The sides of a triangle are natural numbers. If the lengths of two sides are 5 centimetres and 8 centimetres, what are the possible numbers which can be the length of the third side?
Answer:
We know that the sum of the lengths of any two sides is greater than the length of the third side.
So, 5 + 8 should be greater than the third side.
That is, 13 is greater than the third side.
So, the length of the third side should be less than 13.
Also, we know that the difference of the lengths of any two sides is smaller than the length of the third side.
So, 8 – 5 should be less than the third side.
3 should be lesser than the third side.
So, the length of the third side should be something greater than 3.
The natural numbers greater than 3 and lesser than 13 are; 4, 5, 6, 7, 8, 9, 10, 11 and 12.
These are the possible numbers that can be the length of the third side.
Question 2.
The lengths of the sides of a triangle are all natural numbers and two of the sides are 1 centimetre and 99 centimetres.
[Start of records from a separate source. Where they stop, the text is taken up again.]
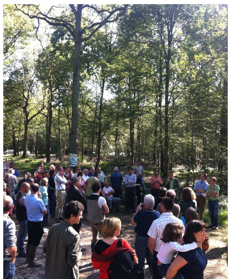
Une Assemblée Générale annuelle très suivie, samedi 27 septembre dernier, en Ile de France. Plus de 80 participants ont suivi les explications de nos hôtes, en forêts privées et publiques.

Newsletter N°22 – Juillet-Août-Septembre 2014
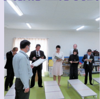
令和5年4月に開所した西山口小学児童保育所南館
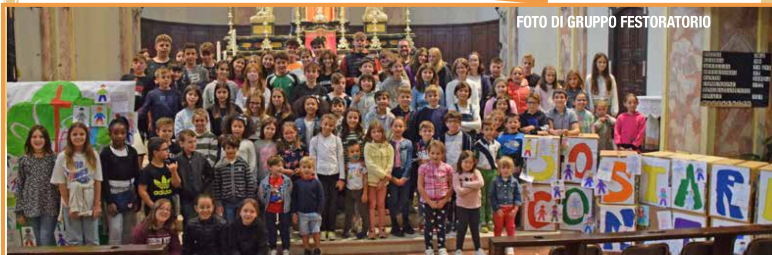
FOTO DI GRUPPO FESTORATORIO
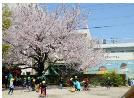
桜の下で遊ぶ子ども
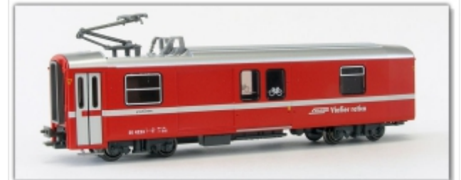
KT-013.1Nm: RhB - vierachsiger Gepäckwagen mit großem Tor, DS 4223, Kato-Modell umgespurt auf Nm 6,5mm

Gepäckwagen mit großem Mitteltor je Wagenseite moderne Ausführung mit Pantograf (Heizwagen) Kato-Modell umgerüstet auf Spur Nm (6,5mm), Maßstab 1:150 ausgerüstet mit Kurzkupplung

What is the length of the third side?
Answer:
We know that the sum of the lengths of any two sides is greater than the length of the third side.
So, 1 + 99 should be greater than the third side.
That is, 100 is greater than the third side.
So, the length of the third side should be less than 100.
Also, we know that the difference of the lengths of any two sides is smaller than the length of the third side.
So, 99 – 1 should be less than the third side.
98 should be less than the third side.
So, the length of the third side should be something greater than 98.
The natural number greater than 98 and lesser than 100 is 99.
Thus the length of the third side is 99 cm.
Question 3.
Which of the following sets of three lengths can be used to draw a triangle?
(i) 4 centimetres, 6 centimetres, 10 centimetres
(ii) 3 centimetres, 4 centimetres, 5 centimetres
(iii) 10 centimetres, 5 centimetres, 4 centimetres
Answer:
(i) 4 + 6 = 10, which is not greater than the third side. So, it is not possible to draw a triangle with these lengths.
(ii) Here, the sum of any two sides is greater than the third side. So, we can draw a triangle with this set of lengths.
(iii) 5 + 4 = 9, which is not greater than the third side. So, it is not possible to draw a triangle with these lengths.
Question 4.
Draw these pictures:
(i)
Answer:
Steps to draw:
- Draw a square of side length 4 cm. (You can use the compass and the protractor)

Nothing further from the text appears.